Por un tweet donde no distinguí positivamente entre la legítima protesta de la gente indignada y que se expresó por la tarde, de aquellos que se presentaron en la noche. Ellos ya no eran los universitarios, ni los transportistas formales e informales. Eran gente armada y vestida específicamente para ejercer la violencia. Yo he pedido disculpas a la participación legítima porque, por la reducción obligada de un tweet, simplemente puse “la marcha”.
Esa noche falleció Mauricio Ruiz y la policía tuvo narrativas diferentes. Primero dijeron que el suboficial Luis Magallanes era el autor del delito y, luego, lo calificaron de “héroe nacional”, ¿qué opinión tiene la PCM al respecto?
Nosotros tenemos una perspectiva acorde a los videos que se han visto, donde el fallecido es una persona que ha actuado con violencia de noche. La orden era muy clara: ningún policía que haya intervenido en el plan estratégico debió haber tenido armas de fuego. Ahí hubo un error. Ahora, ese policía, se ha defendido. Fue agredido. ¿Por qué no disparó al aire? Error. Por algún motivo, disparó desde el abdomen al piso y está probado, es una evidencia, porque está sujeto a disposición judicial, que chocó en el piso y luego se desvió.
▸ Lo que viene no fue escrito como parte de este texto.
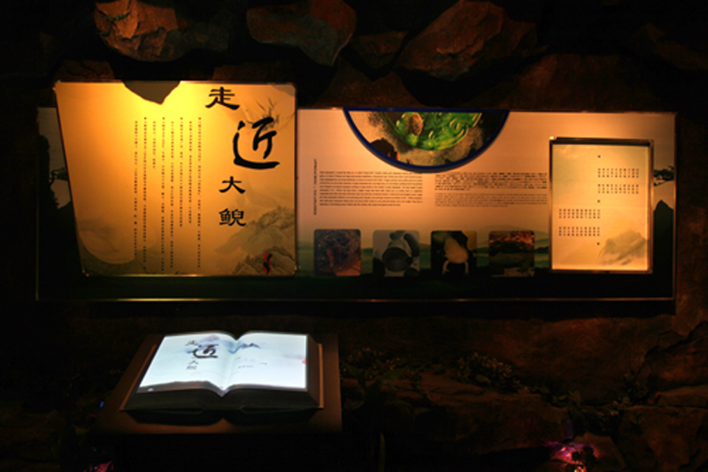 從影視廳出來(lái),步入大鯢文化展區(qū),展區(qū)入口處為一幅竹簡(jiǎn)長(zhǎng)卷,長(zhǎng)卷呈現(xiàn)了《西澤補(bǔ)遺》里所記載的《鯢志》全文。長(zhǎng)卷斜對(duì)面的展區(qū)以雕塑的形式詮釋了《鯢志》中送子魚的典故。與雕塑相接的是光雕形式的《鯢考》,呈現(xiàn)了戰(zhàn)國(guó)以來(lái)有關(guān)大鯢的古代文獻(xiàn),揭示了中國(guó)古代大鯢的分布、用途以及人工養(yǎng)殖的歷史。整個(gè)展區(qū)的右側(cè)為一太極書案,幾卷攤開(kāi)的竹簡(jiǎn)從案頭下垂到案基,竹簡(jiǎn)上篆刻了大鯢與道家思想淵源的文字,考證了太極拓?fù)洵h(huán)取形于大鯢外形的淵源。書案背后的墻上開(kāi)了幾扇土家族的花格窗,透過(guò)花格窗看到的是一則則道家故事的插圖。書案左手邊為一排美人靠,背景投影湖南鳳凰古城的風(fēng)貌的動(dòng)態(tài)視屏。書案右手邊為金屬珠簾,起到隔斷空間作用,透而不通。整個(gè)展區(qū),意在揭示大鯢與道家思想的淵源。
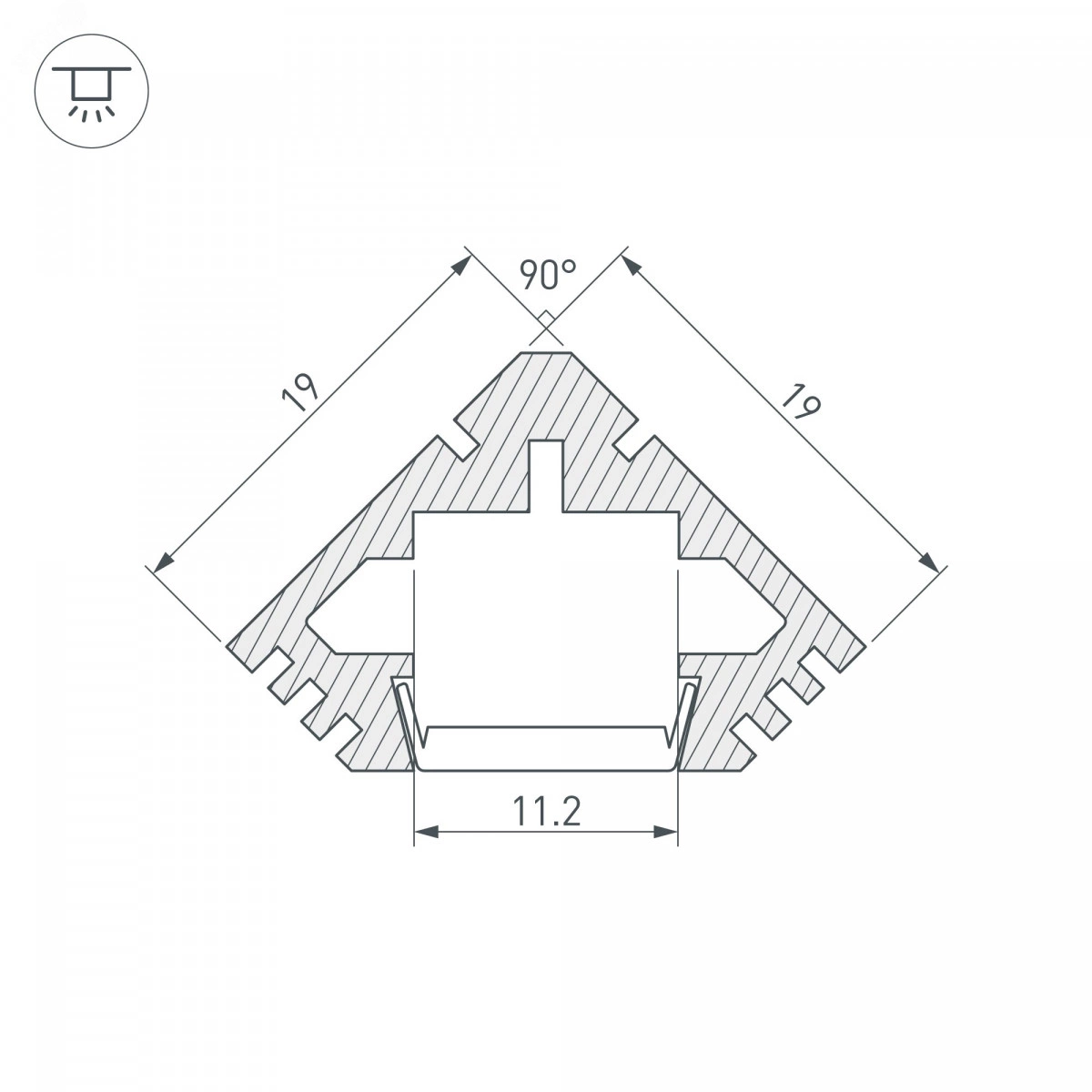 Алюминиевый анодированный угловой профиль для светодиодных лент и линеек. Анодированный в чёрный цвет. Габаритные размеры (LWH) - 2000x19x19 мм. Ширина площадки для ленты 11,2 мм. Экраны, заглушки и другие аксессуары приобретаются отдельно.

¿Luis Magallanes va a volver entonces a la Policía Nacional?
Eso lo dirán las investigaciones. Yo dije que no era un héroe. Es un policía sujeto de investigación que hemos visto que ha sido objeto de golpes. La verdad es que sería muy duro juzgarlo en este momento. Cuando uno es objeto de una golpiza, a cargo de mucha gente violenta, teniendo un arma y sin un buen entrenamiento, podría hacer una locura. Una cosa ilegal.
¿No dudó en aceptar el cargo de ministro tomando en cuenta las críticas alrededor del gobierno y los cuestionamientos sobre el presidente?
No. Yo regresaba de viaje, y no le consulté ni siquiera a mi esposa. Soy completamente consciente de que han invitado mucha más gente, personas de trayectoria, con vinculaciones con organismos como la Sociedad Nacional de Industrias, pero nadie aceptó. Yo, siendo un catedrático y columnista que dice cómo se deben hacer las cosas, creo que era una señal de que tocaba asumir el compromiso.
Respecto a sus columnas, en una de ellas señaló la figura de la vacancia de Dina.
Haberle dado una hora y media o dos al abogado de Dina Boluarte para que lea toda la constitución y plantee un argumento es incorrecto, es violatorio del derecho a la defensa. Mi amigo Aníbal Quiroga dice que simplemente es una sanción política. Si se reúnen los votos, está vacada. Yo siempre he alegado que esto es una ventana para casos extremos, donde la falta moral es evidente y que no hay que probarla, como el caso de Vizcarra.
En el caso de Boluarte no fue el primer intento de vacancia, ¿cuál fue el motivo por el que ahora sí se logró?
Los grupos parlamentarios ya no podían seguir cargando con el peso de Dina antes de empezar la campaña electoral. De ninguna manera podían cargar con ella hasta julio del próximo año. En realidad, no fue incapacidad moral lo de Boluarte, fue incapacidad política absoluta. No supo responder a los requerimientos.
¿No hubiese sido mejor que, luego de la vacancia, se formara una nueva mesa directiva para asumir el gobierno? Al final, José Jerí es un accesitario…
Paniagua era un diputado que no había tenido un peso demasiado significativo, no tenía mayor influencia en el proceso de decisión y no era candidato presidencial. Por eso fue elegido. Jerí, cuando se le quiso censurar, tuvo el respaldo de los congresistas y ellos son los representantes del pueblo.
¿No considera que actualmente el Congreso tiene mucho poder?
El problema es que el Congreso no tiene poder. Están absolutamente deslegitimados y no tienen espacio para hacer grandes reformas.
Pero han cambiado el 50% de la Constitución…
Sí, pero ese es un argumento de algunos que suman la cantidad de artículos. Al pasar a la bicameralidad se cambiaron más de 58 artículos, pero porque tenían la palabra “Congreso” y tuvo que agregarse “Senado”. No es que hayan cambiado la mitad de la constitución. Al contrario, a mi manera de ver, no han hecho los cambios que se necesitan.